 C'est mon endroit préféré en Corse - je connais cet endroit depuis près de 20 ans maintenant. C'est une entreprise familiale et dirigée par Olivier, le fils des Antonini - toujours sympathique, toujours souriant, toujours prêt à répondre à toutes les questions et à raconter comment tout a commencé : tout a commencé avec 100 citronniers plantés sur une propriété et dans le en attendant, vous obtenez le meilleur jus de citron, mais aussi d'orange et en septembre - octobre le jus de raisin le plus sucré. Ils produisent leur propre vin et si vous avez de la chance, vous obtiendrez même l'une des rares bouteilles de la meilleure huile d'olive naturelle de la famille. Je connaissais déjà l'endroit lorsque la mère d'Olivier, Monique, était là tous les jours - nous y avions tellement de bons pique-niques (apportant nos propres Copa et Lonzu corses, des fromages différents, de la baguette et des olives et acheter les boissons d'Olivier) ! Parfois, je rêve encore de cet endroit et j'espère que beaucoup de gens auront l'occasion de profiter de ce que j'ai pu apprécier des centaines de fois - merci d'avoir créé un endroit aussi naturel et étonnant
* * *
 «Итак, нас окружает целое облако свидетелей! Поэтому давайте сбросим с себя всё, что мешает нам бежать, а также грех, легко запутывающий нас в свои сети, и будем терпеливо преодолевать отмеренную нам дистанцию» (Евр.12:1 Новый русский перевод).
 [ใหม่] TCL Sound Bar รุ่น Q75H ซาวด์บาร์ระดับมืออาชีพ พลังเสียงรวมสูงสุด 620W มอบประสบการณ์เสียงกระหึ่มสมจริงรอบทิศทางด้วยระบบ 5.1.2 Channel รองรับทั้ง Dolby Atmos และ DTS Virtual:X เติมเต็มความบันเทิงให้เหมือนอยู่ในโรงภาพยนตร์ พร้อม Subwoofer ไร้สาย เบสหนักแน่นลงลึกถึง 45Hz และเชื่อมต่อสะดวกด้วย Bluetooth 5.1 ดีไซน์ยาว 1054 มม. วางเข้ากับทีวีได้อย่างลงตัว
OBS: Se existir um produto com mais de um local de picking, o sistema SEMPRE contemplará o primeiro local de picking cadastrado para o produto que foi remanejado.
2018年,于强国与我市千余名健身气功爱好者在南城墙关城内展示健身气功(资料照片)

_WHAT IS BEING ASKED_. Copy out every line of the data that includes the word "mais".

_TASK RESULT_.
 C'est mon endroit préféré en Corse - je connais cet endroit depuis près de 20 ans maintenant. C'est une entreprise familiale et dirigée par Olivier, le fils des Antonini - toujours sympathique, toujours souriant, toujours prêt à répondre à toutes les questions et à raconter comment tout a commencé : tout a commencé avec 100 citronniers plantés sur une propriété et dans le en attendant, vous obtenez le meilleur jus de citron, mais aussi d'orange et en septembre - octobre le jus de raisin le plus sucré. Ils produisent leur propre vin et si vous avez de la chance, vous obtiendrez même l'une des rares bouteilles de la meilleure huile d'olive naturelle de la famille. Je connaissais déjà l'endroit lorsque la mère d'Olivier, Monique, était là tous les jours - nous y avions tellement de bons pique-niques (apportant nos propres Copa et Lonzu corses, des fromages différents, de la baguette et des olives et acheter les boissons d'Olivier) ! Parfois, je rêve encore de cet endroit et j'espère que beaucoup de gens auront l'occasion de profiter de ce que j'ai pu apprécier des centaines de fois - merci d'avoir créé un endroit aussi naturel et étonnant
OBS: Se existir um produto com mais de um local de picking, o sistema SEMPRE contemplará o primeiro local de picking cadastrado para o produto que foi remanejado.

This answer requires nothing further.